**What the task asks**
Only the stretch of the listing below that runs from the line with "スコットランドで最も多くの蒸" through the line with "The 4 X 4 Biggie" is to be printed, exactly and with both ends.

**Extracted data**

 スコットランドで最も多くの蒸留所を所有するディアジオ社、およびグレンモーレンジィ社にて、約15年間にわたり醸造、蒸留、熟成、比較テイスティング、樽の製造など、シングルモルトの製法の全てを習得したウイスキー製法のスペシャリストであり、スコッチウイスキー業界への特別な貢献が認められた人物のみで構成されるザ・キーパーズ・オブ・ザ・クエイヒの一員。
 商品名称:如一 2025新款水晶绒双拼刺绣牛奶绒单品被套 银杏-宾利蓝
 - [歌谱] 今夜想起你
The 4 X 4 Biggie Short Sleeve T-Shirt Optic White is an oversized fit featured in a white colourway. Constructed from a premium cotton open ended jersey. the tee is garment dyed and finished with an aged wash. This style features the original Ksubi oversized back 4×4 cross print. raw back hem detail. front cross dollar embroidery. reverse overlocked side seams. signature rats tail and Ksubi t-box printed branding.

--

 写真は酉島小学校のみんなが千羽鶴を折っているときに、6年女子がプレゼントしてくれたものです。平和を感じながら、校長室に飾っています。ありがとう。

**Answer to this problem**
 スコットランドで最も多くの蒸留所を所有するディアジオ社、およびグレンモーレンジィ社にて、約15年間にわたり醸造、蒸留、熟成、比較テイスティング、樽の製造など、シングルモルトの製法の全てを習得したウイスキー製法のスペシャリストであり、スコッチウイスキー業界への特別な貢献が認められた人物のみで構成されるザ・キーパーズ・オブ・ザ・クエイヒの一員。
 商品名称:如一 2025新款水晶绒双拼刺绣牛奶绒单品被套 银杏-宾利蓝
 - [歌谱] 今夜想起你
The 4 X 4 Biggie Short Sleeve T-Shirt Optic White is an oversized fit featured in a white colourway. Constructed from a premium cotton open ended jersey. the tee is garment dyed and finished with an aged wash. This style features the original Ksubi oversized back 4×4 cross print. raw back hem detail. front cross dollar embroidery. reverse overlocked side seams. signature rats tail and Ksubi t-box printed branding.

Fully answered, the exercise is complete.